Neglected Research Areas
Research topics pertinent to extended spaceflight differ widely in the attention they have been given. I n this section we wish to underscore a few of those topics which we believe are both important in themselves, and deserve special consideration because they have received relatively little attention in the past.
Multiple stressors- Combinations of stressors can aggrevate, cancel, or reverse the effects of single stressors. These varied effects have been observed across a wide range of stressors including physiological, psychological, environmental, etc. It is essential that the stressors of space be examined in combination to determine their cumulative and interactive effects on individual behavior and interpersonal relations.
Selecting in- The necessity of selecting those best qualified to deal with the conditions of space differs in kind from the more usual psychological research which emphasizes eliminating the unfit. Those charged with selecting top executives or successful candidates for prestigious professional schools face similar, but far more limited, problems. Selection for space must consider all aspects of the individual. This need presents a potentially large area of research in which the determination of factors involved in emotional balance will occupy a central role.
Groups as groups- Selection strategies generally emphasize the qualities of the individual. However, it is also necessary to understand how personal qualities intermesh with, and potentially complement, those of others. Studies are needed to address this latter issue. Also, the majority of studies of small groups are based on individuals who were brought together- solely for the purpose of the study; that is, groups of aggregated individuals. This approach is helpful in understanding interactions that occur at the beginning of a relationship What is also needed are studies to reveal how people who have known each other for long periods of time behave.
 Mediated communications- The effect of mediated communications is a relatively new area of investigation. It is therefore not surprising that research in this area has concentrated on average Earth situations; that is, on situations in which mediated communication is an essentially peripheral activity and in which the preponderance of significant communication is conducted face to face. To understand the effects of mediated communication in space, research is needed in environments in which indirect communication, rather than face-to-face communication, forms the essential link.

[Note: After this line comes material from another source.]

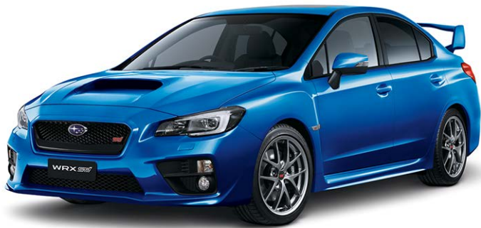
WR BLUE PEARL

Boundary roles- Individuals who form the focus of interaction between groups perform an essential yet demanding function. In the stressful environment of an extended space mission, the difficulties of people who fulfill such roles are likely to be exacerbated. We need to know more about the effects of various structural arrangements, the personal characteristics necessary for the boundary role, and the effect of the role on its occupants.
On-board training- In the future, extensive ground training regimens may not always be practical. In addition, some crews will eventually find themselves with little essential work to occupy their time. Therefore, we suggest a greater emphasis on on-board, rather than preflight, training. We suspect that a significant number of tasks, even those which are important to the success of the mission (but not to the safety of the crew), can be learned, and may be learned better, in flight. On-board training could also be used to train crew members for less essential work, such as training for multiple duties, or general educational training. The practicality of this approach to training needs to be carefully explored.